For that matter, there have recently come upon the market pump action shotguns with high capacity detachable magazines. The Mossberg 590M has a 20 round magazine. 20 rounds in 16 seconds, 240 00 buck projectiles or 540 #4 buck pellets. Can be reloaded in 2 to 3 seconds.



So: Let's look at the reduced lethality of the firearms that would replace the ones you propose banning, given a bit of time for firearms manufactures to respond.
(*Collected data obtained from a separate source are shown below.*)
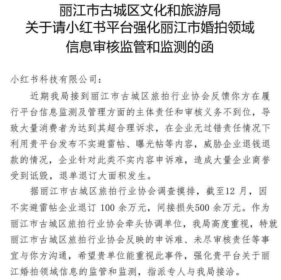 12月23日,云南丽江市古城区文化和旅游局公开发布《关于请小红书平台强化丽江市婚拍领域信息审核监管和监测的函》。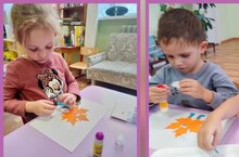 При создании аппликации "Листочек под дождём " дети учились правильно располагать поделку согласно образцу, умению работать с клеем и бумагой, а также развивать мелкую моторику рук и аккуратность к собственному творчеству. -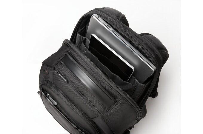 Comfortable, secure, stylish, durable and TSA checkpoint friendly, the ergonomist-approved Contour 2.0 Pro Laptop Backpack – 17" is the perfect 17" laptop backpack for mobile professionals. The Contour 2.0 Pro Laptop Backpack – 17" features a heat-dissipating contoured back that hugs the body and shifts weight so it is closer to the centre of gravity*; specially positioned pockets that help evenly distribute weight and balance contents; a laptop security compartment with a puncture-resistant, lockable zip; tough, water-resistant material; and interior padding for an added layer of protection. *While properly wearing both straps. Ergonomist-approved design features a heat-dissipating back that hugs the body and shifts weight so it is closer to the centre of gravity*, while specially positioned pockets help evenly distribute weight and balance contents. *While properly wearing both straps. Padded carry handle adds another comfortable option to how it can be carried. Lapt

Rifles: The rifle of choice for maximum firepower is now either a pump action rifle fed by detachable magazine of 30 to 60 rounds or a semiautomatic rifle with a fixed magazine of 30 to 60 rounds, which is fed stripper clips which hold 10 cartridges. The first has roughly half the rate of fire as an old AR-15, but can be reloaded just as quickly. The second fires just as quickly for the first 30 to 60 rounds, but then takes a shooter who halfway knows what he's doing 30 to 60 seconds to fully reload. Result: Mass shooting with such weapons are, on average, somewhat less deadly.

Handguns: Revolvers become extraordinary popular, especially 8 shot models. Gun compactness pour money into modern designs for fixed magazine stripper clip fed models. Some years later, semiautomatics make a comebqdk, although they are a bit slower to reload then detachable magazine models. Assaults in which handguns are fired are, on average, a bit less deadly (ccurrently, less than 20% of handgun assaults result in more than 6 shots being fired).
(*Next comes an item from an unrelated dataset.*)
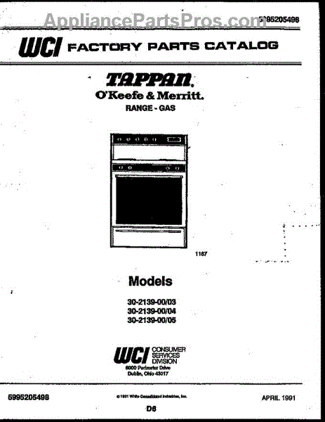Parts for Frigidaire 30-2139-00-05: Cover Page Parts

Shotguns: Very little difference. Unlike rifles and handguns, the vast majority of dombat shotguns in the United States are not detachable magazine fed (although their number has increased somewhat in recent years). Pump action shotguns have just as much magazine capacity as their semiautomatic counterparts. Instead of comprising 80% of the combat shotgun market, pump actions will comprise 95% Result: Little to no change.

My conclusion is that your proposal, in and of itself, which have a fairly modest impact on the overall gun death rate in the US. The most obvious change would be in the death toll of of mass shootings. If the shooter is using a 30 shot pump rifle with detachable magazines rather than a semiautomatic, there will very likely be fewer casualties, simply because the rate of fire is only about half as much. Likewsie, rifle with a fixed magazine will reload more sloaly. Depending on the circumstances, this may lead anywhere from many fewer deaths or no change at all.